By this hydrogenation treatment, 4-CBA in CTA is reduced to water-soluble 4-MBA, while TA is hardly soluble in water, so that it is usually at a temperature of 300 ° C. or less, preferably 100 to 280 ° C. By performing precipitation and solid-liquid separation, 4-MBA can be separated from the CTA aqueous solution to obtain PTA.

(IV) Crystallization process:
In this step, TA is crystallized by stepwise cooling the CTA aqueous solution after hydrogenation (hereinafter referred to as “CTA hydrogenation solution”) stepwise in a plurality of crystallization tanks. As the crystallization tank, those generally used for the production of terephthalic acid can be used. Specifically, the CTA hydrogenation treatment liquid is introduced into a crystallization tank set to a pressure condition lower than the pressure of the CTA hydrogenation treatment liquid, and the pressure of the CTA hydrogenation treatment liquid is reduced. This is a method of cooling the treatment liquid (step-down cooling). In the present invention, the pressure of the CTA hydrogenation treatment liquid is reduced stepwise using a plurality of crystallization tanks, and the temperature of the CTA hydrogenation treatment liquid is lowered stepwise accordingly. Thereby, terephthalic acid is crystallized and TA slurry is formed.

  When the step-down cooling is performed as described above, a part of the aqueous medium in the CTA hydrogenation treatment liquid is vaporized and vapor is generated in each crystallization tank. As described above, this steam is preferably introduced into the heat exchanger in the step (II) and used as a heating source for the CTA slurry. In particular, among the above crystallization tanks, the steam generated by the pressure reduction cooling in the highest temperature and high pressure crystallization tank alone is not introduced into the heat exchanger of the step (II) without introducing the condensate generated in the heat exchanger. It is preferable to introduce from the viewpoint of energy efficiency.
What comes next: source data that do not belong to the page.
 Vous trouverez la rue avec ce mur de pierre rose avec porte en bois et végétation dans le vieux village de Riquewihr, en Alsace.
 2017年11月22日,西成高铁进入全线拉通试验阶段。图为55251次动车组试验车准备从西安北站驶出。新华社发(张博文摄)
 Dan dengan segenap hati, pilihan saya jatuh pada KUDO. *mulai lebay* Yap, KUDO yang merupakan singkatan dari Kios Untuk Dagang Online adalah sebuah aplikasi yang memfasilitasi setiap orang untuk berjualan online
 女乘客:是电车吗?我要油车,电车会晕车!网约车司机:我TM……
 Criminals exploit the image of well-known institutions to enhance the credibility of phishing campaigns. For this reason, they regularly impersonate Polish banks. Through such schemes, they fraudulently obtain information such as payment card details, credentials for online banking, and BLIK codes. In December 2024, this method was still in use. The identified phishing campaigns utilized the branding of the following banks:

The temperature of the CTA hydrogenation treatment liquid cooled by the step-down cooling and the generated steam are appropriately determined by adjusting the pressure during the step-down cooling in each crystallization tank.
(V) Solid-liquid separation process:
In this step, the TA slurry is solid-liquid separated to separate and recover PTA from the mother liquor. Solid-liquid separation can be carried out using a solid-liquid separation apparatus such as a filter or a centrifuge, which is generally used for producing terephthalic acid.

Furthermore, the PTA may be suspended again in water, and the foreign matter adhering to the PTA crystal may be transferred to the aqueous phase, followed by solid-liquid separation and drying.
(Manufacturing equipment)
The method for producing high-purity terephthalic acid according to the present invention comprises a mixing tank, a plurality of heat exchangers, a reaction tank, a plurality of crystallization tanks, and a solid-liquid separation device connected in series in this order. It is a manufacturing apparatus, Comprising: It can carry out using the following manufacturing apparatuses which have n heat exchangers and n crystallization tanks.
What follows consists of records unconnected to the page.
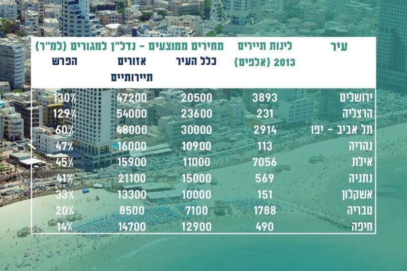 תיירות תורמת לערך הכלכלי-שיווקי של אזורי מגורים באותם יעדים. התהוותם של מקומות כבעלי ערך תיירותי, לצד פיתוח תיירותי, משפיעים באופן ישיר על מיתוג המקום - ובעקבות כך על הביקושים והמחירים בשוק הנדל"ן למגורים. בדיקה שנערכה בתשע ערי תיירות מובילות בארץ מאששת את הסברה הזו. נמצא כי הפערים במחירי הנדל"ן בין האזורים התיירותיים לשאר חלקי העיר לרוב גבוהים מאוד – במיוחד בירושלים, הרצליה ובת"א - יכולים להגיע עד ל-130%.
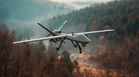 Military drone in flight. High-contrast, cinematic shot over desert. Dynamic and powerful. Ideal for defense, technology, war.
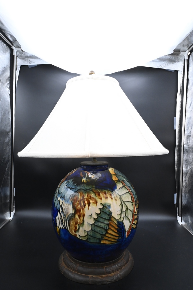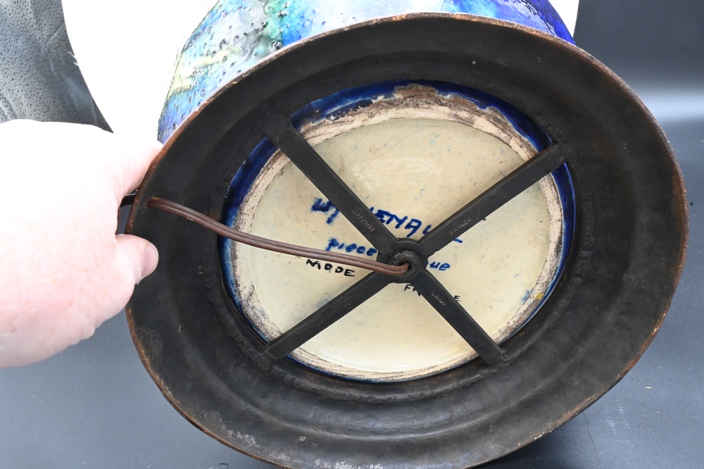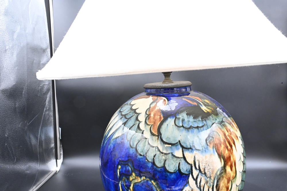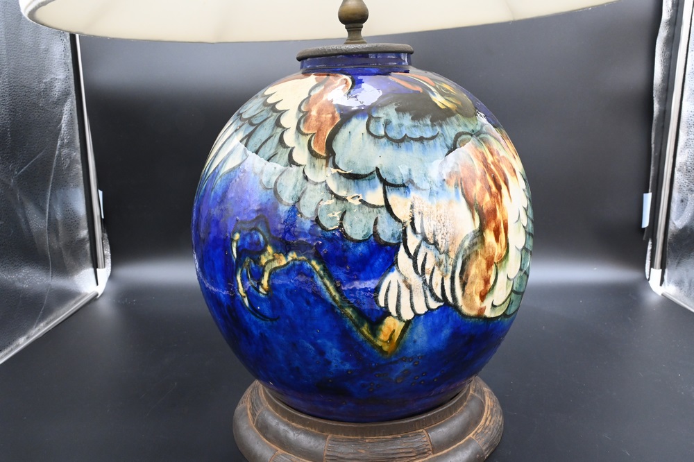 Edmond Lachenal Large Glazed Globular Vase, having painted bird with tallens design, signed Lachenal, piece Made in France on bronze base, marked “L. Katona, Beaux Arts, France”, vase height 12 inches, total height 27 inches.

<First manufacturing apparatus>
In the first manufacturing apparatus, the heat exchanger and the crystallization tank are not connected, and steam generated in the crystallization tank is not used. In this case, steam generated in another route is introduced into the heat exchanger (see FIG. 1 (when n = 4)).

<Second manufacturing apparatus>
In the second manufacturing apparatus, at least one heat exchanger is connected to the crystallization tank so that steam generated in the crystallization tank is introduced. The remaining heat exchangers may be connected to other heat source introduction paths, or may be heated by other heaters such as a heater, but all heat exchangers are connected to the crystallization layer. Is preferable from the viewpoint of energy efficiency (see FIG. 2 (when n = 4)).

  When multiple heat exchangers are connected to the crystallization tank, the highest temperature heat exchanger among these heat exchangers is connected to the highest temperature and pressure crystallization tank. It is preferable from the viewpoint.

<Third and fourth manufacturing apparatuses>
In the third and fourth production apparatuses, at least one heat exchanger is connected to the crystallization tank so that steam generated in the crystallization tank is introduced.

  Further, at least one of the remaining heat exchangers is connected to the crystallization tank by a steam pipe, and is connected to a heat exchanger having a higher temperature and a higher pressure than the heat exchanger in the middle of the steam pipe. A condensate pipe is connected, and a pressure regulating valve is provided in the middle of the condensate pipe. Thereby, the condensate produced | generated with a heat exchanger is introduce | transduced into the vapor | steam which generate | occur | produces in a crystallization tank, a high temperature fluid is formed, and this high temperature fluid is introduce | transduced into a heat exchanger of low temperature and low pressure rather than this heat exchanger. Such 3rd and 4th manufacturing apparatus is preferable at the point which is excellent in energy efficiency compared with the said 1st and 2nd manufacturing apparatus.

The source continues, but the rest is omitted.